Graph query CLI tool (#679)

New CLI tool that enables selective queries against the triple store unlike tg-show-graph which dumps the entire graph. Features: - Filter by subject, predicate, object, and/or named graph - Auto-detection of term types (IRI, literal, quoted triple) - Two ways to specify quoted triples: - Inline Turtle-style: -o "<<s p o>>" - Explicit flags: --qt-subject, --qt-predicate, --qt-object - Output formats: space-separated, pipe-separated, JSON, JSON Lines - Streaming mode for efficient large result sets Auto-detection rules: - http://, https://, urn:, or <wrapped> -> IRI - <<s p o>> -> quoted triple - Otherwise -> literal
2026-06-17 02:45:14 +02:00 · 2026-03-10 11:03:34 +00:00 · 2026-03-10 11:03:34 +00:00 · c951562189
commit c951562189
parent ec83775789
2 changed files with 561 additions and 0 deletions
--- a/trustgraph-cli/trustgraph/cli/query_graph.py
+++ b/trustgraph-cli/trustgraph/cli/query_graph.py
@ -0,0 +1,560 @@
+"""
+Query the triple store with pattern matching and configurable output formats.
+
+Unlike tg-show-graph which dumps the entire graph, this tool enables selective
+queries by specifying any combination of subject, predicate, object, and graph.
+
+Auto-detection rules for values:
+  - Starts with http://, https://, urn:, or wrapped in <> -> IRI
+  - Starts with << -> quoted triple (Turtle-style)
+  - Anything else -> literal
+
+Examples:
+  tg-query-graph -s "http://example.org/entity"
+  tg-query-graph -p "http://www.w3.org/2000/01/rdf-schema#label"
+  tg-query-graph -o "Marie Curie" --object-language en
+  tg-query-graph -o "<<http://ex.org/s http://ex.org/p http://ex.org/o>>"
+"""
+
+import argparse
+import json
+import os
+import sys
+from trustgraph.api import Api
+
+default_url = os.getenv("TRUSTGRAPH_URL", 'http://localhost:8088/')
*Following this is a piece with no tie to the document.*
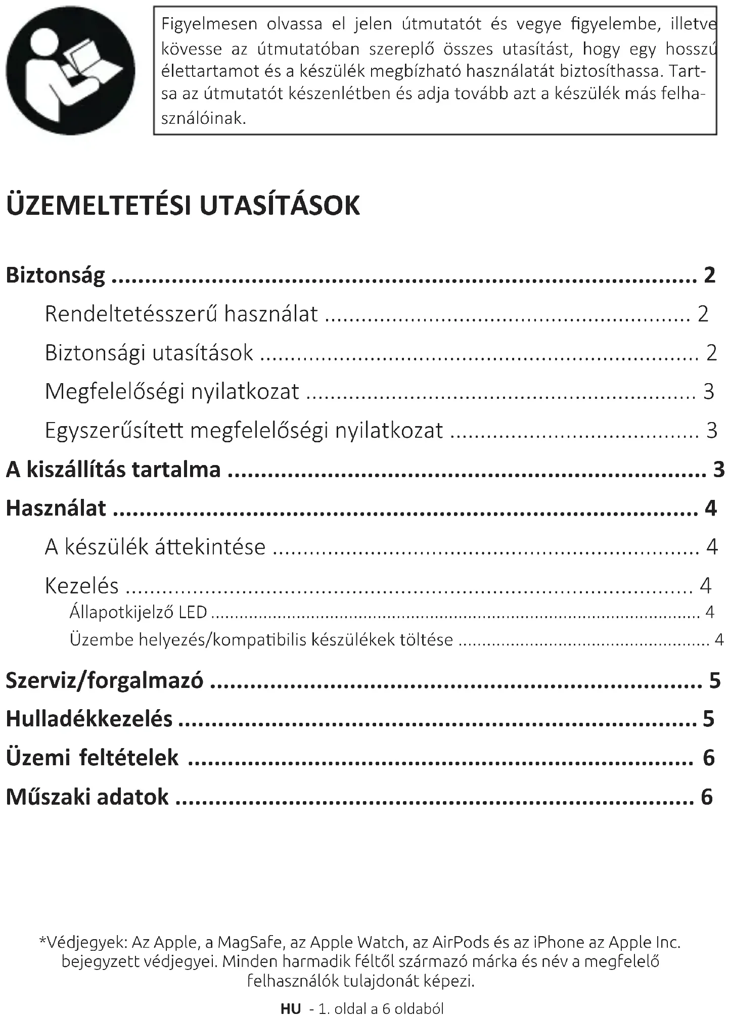 - Műszaki adatok HU - 1. oldal a 6 oldaból *Védjegyek: Az Apple, a MagSafe, az Apple Watch, az AirPods és az iPhone az Apple Inc. bejegyzett védjegyei. Minden harmadik féltől származó márka és név a megfelelő felhasználók tulajdonát képezi.HU - 1. oldal a 6 oldaból BIZTONSÁG Rendeltetésszerű használat Ez a termék okostelefonok, Apple Watch (3-as sorozat és újabb) és fejhallgatók (AirPods és más, vezeték nélküli töltést támogató modellek) vezeték nélküli töltésére szolgál. Másfajta vagy ezen túlmenő alkalmazás nem rendeltetésszerűnek tekinthető és meghibásodásokhoz, illetve személyi sérülésekhez vezethet. A ter- méket nem szánták kereskedelmi használatra vagy orvosi és speciális alkalmazásokra, amelyeknél a termék meghibásodása sérüléseket, halálesetet vagy jelentős anyagi károkat okozhat. A rendeltetéssel ellentétes használatból vagy a biztonsági utasítások be nem tartásából eredő károk esetén semmiféle igénnyel fellépni nem lehet. Bármikor, előzetes bejelentés nélkül, végezhetők módosítások a rmware-nél és/vagy a hardvernél. Ezért előfordulhat, hogy jelen útmutató részei, jelen dokumentáció műszaki adatai és képei kissé eltérnek az Ön birtokában lévő terméktől. Jelen útmutatóban leírt összes pont csak a pontosítást szolgálja és nem kell me- gegyeznie egy ado helyzeel. Nem érvényesíthetők jogi követelések jelen útmutató alapján. Biztonsági utasítások Veszélyek gyermekek és korlátozo zikai, érzékelési vagy szellemi képességű személyek számára: A gyermekek gyakran alábecsülik a veszélyeket vagy egyáltalán nem ismerik fel őket. Jelen terméket nem arra tervezték, hogy olyan személyek használják, akiknek korlátozo érzékelési, zikai vagy szellemi képes- ségeik vannak vagy nincs tapasztalatuk a készülék kezelésében, és/vagy nem ismerik a készüléket, hacsak a készülék használata közben nem felügyeli őket egy olyan személy, aki felelős a biztonságukért vagy utasí- tásokkal látja el őket a készülék használatát tekintően és megérk a használatból keletkező veszélyeket. A gyermekek felügyelet nélkül nem nyúlhatnak a készülékhez. Gondoskodjon arról, hogy a gyermekek nem játszanak a készülékkel. Fulladásveszély! A gyerekek szájukba vehek a csomagolófóliát vagy apró alkatrészeket, és megfulladhatnak. Sérülésveszély! Ha szívritmusszabályzóval vagy más műszaki implantátummal rendelkezik, az indukv töltőállomás haszná- lata elő forduljon orvoshoz vagy az implantátum gyártójához. Ne nyissa fel a hálóza adapter készülékházát. A kinyito készülékház esetén életveszély áll fenn elektromos áramütés által. Nincsenek karbantartható alkatrészek. Botlásveszély! A készülék elhelyezésekor gyeljen arra, hogy senki ne léphessen a kábelre vagy ne botolhasson meg benne. A kábelre ne helyezzen tárgyakat. Rövidzárlat veszélye! Ne dugjon olyan tárgyakat a termék nyílásába, amelyeket nem a használatra terveztek. Ne kezelje a készülé- ket vizes kézzel. Ez elektromos rövidzárlatból származó személyi sérülést és/vagy tüzet okozhat. Ne használja a készüléket, ha magán az eszközön vagy az USB-kábelen látható sérülések vannak, mert ez sérülést vagy károsodást okozhat. HU - 2. oldal a 6 oldabólA készüléket ne tegye ki fröccsenő vagy csepegő víz hatásának. Folyadékkal töltö edényeket (vázákat, poharakat vagy hasonlókat) nem szabad a készülékre vagy annak közvetlen közelébe helyezni. Fennáll annak a veszélye, hogy az edény felborul, és a folyadék károsan befo- lyásolja az elektromos biztonságot. A készülék használat közben hőt termel, ez normális jelenségnek számít. A túlmelegedés elkerülése érdeké- ben használat közben ne takarja le teljesen a terméket. Károsodás! Ne használja a készüléket extrém hideg, forró, nedves vagy poros vidékeken. Ugyanakkor ne tegye ki a közvetlen napsugárzásnak. Kérjük, ne használjon vizet vagy vegyi oldatokat a készülék sztásához. Kérjük, erre a célra csak száraz törlőkendőt használjon. Ne szerelje szét a készüléket az alkotóelemeire és ne próbálja azt saját maga megváltoztatni vagy megjavíta- ni. Nem tartalmaz karbantartandó részeket és ebben az esetben a garancia érvényét vesz. Kerülje a készülék erős ütését. A hálóza adaptert csak AC 100-240V~, 50/60 Hz, földelt dugaszoló aljzatoknál üzemeltesse. Ha nem biztos az áramellátással kapcsolatosan a felállítási helyen, kérdezzen rá az illetékes energiaszolgáltatónál. Az áramellátás megszakításához a készülékén, húzza ki a tápegységet a dugaszoló aljzatból. Kihúzáskor min- dig tartsa meg a tápegységet. Soha ne a kábeltől fogva rántsa ki. Megfelelőségi nyilatkozat A CE jelölés kimondja, hogy jelen termék teljesí a termékre vonatkozó, érvényben lévő összes EU irányelv előírásait. Egyszerűsíte megfelelőségi nyilatkozat Az Intenso Internaonal kijelen, hogy a Wireless Charger BS13 pusú rádióberendezés megfelel a 2014/53/EU irányelvnek. Az EU-megfelelőségi nyilatkozat teljes szövege a következő internetes címen ér- hető el: www.intenso.eu. p. 6

+default_user = 'trustgraph'
+default_collection = 'default'
+default_token = os.getenv("TRUSTGRAPH_TOKEN", None)
+
+
+def parse_inline_quoted_triple(value):
+    """Parse inline Turtle-style quoted triple: <<s p o>>
+
+    Args:
+        value: String in format "<<subject predicate object>>"
+
+    Returns:
+        dict: Wire-format quoted triple term, or None if parsing fails
+    """
+    # Strip << and >> markers
+    inner = value[2:-2].strip()
+
+    # Split on whitespace, but respect quoted strings
+    # Simple approach: split and handle common cases
+    parts = []
+    current = ""
+    in_quotes = False
+    quote_char = None
+
+    for char in inner:
+        if char in ('"', "'") and not in_quotes:
+            in_quotes = True
+            quote_char = char
+            current += char
+        elif char == quote_char and in_quotes:
+            in_quotes = False
+            quote_char = None
+            current += char
+        elif char.isspace() and not in_quotes:
+            if current:
+                parts.append(current)
+                current = ""
+        else:
+            current += char
+
+    if current:
+        parts.append(current)
+
+    if len(parts) != 3:
+        raise ValueError(
+            f"Quoted triple must have exactly 3 parts (s p o), got {len(parts)}: {parts}"
+        )
+
+    s_val, p_val, o_val = parts
+
+    # Build the inner triple terms
+    s_term = build_term(s_val)
+    p_term = build_term(p_val)
+    o_term = build_term(o_val)
+
+    return {
+        "t": "t",
+        "tr": {
+            "s": s_term,
+            "p": p_term,
+            "o": o_term
+        }
+    }
+
+
+def build_term(value, term_type=None, datatype=None, language=None):
+    """Build wire-format Term dict from CLI input.
+
+    Auto-detection rules (when term_type is None):
+      - Starts with http://, https://, urn: -> IRI
+      - Wrapped in <> (e.g., <http://...>) -> IRI (angle brackets stripped)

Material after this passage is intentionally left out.